Transformation and DNA manipulation. The B. subtilis strain was transformed by the method of Anagnostopoulos and Spizizen (2), as described previously (31). Routine DNA manipulation, E. coli transformation, contour-clamped homogeneous electric-field (CHEF) pulsed-field gel electrophoresis, and Southern hybridization were performed as described previously (32). The CHEF conditions were as follows: field strength, 3 V/cm; pulse time, 45 s; and running time, 44 h.

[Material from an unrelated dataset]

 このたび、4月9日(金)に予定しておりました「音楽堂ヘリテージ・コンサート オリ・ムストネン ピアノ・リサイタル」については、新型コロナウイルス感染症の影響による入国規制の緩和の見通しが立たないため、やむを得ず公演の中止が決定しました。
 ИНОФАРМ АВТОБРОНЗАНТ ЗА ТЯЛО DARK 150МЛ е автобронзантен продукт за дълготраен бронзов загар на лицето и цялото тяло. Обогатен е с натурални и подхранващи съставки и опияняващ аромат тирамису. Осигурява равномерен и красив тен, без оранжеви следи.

Construction of LPA. A landing pad sequence array (LPA), in which the cI repressor gene and spectinomycin resistance gene are flanked by two landing pad sequences (LPSs), was constructed in plasmid pBR322 in E. coli as follows. A 9-kb EcoRI fragment with a downstream edge of the iturin A operon was obtained from recombinant phage {lambda}69, derived from a lambda DASH II phage library of the RB14 chromosome (33), and cloned into the EcoRI site of pBR322 to obtain plasmid pBRE9k. An 8-kb HindIII fragment, with an upstream edge of the iturin A operon and a transposon, was obtained from pBRHd8k (33) and ligated to the largest fragment of the products of the EcoRV digestion of pBRE9k, generating the plasmid pBRE4H8. pBRE4H8 was digested with both AgeI and CpoI, and then the largest fragment (10 kb) obtained was purified by electrophoresis. The obtained fragment was dephosphorylated by alkaline phosphatase from E. coli (Toyobo, Inc., Japan), blunted with a DNA blunting kit (Takara Shuzo Co., Japan), and then ligated to the SmaI fragment of the cI-spc cassette from pCISP303B#6 (15), resulting in plasmid pBRE2H4cI, containing the LPA.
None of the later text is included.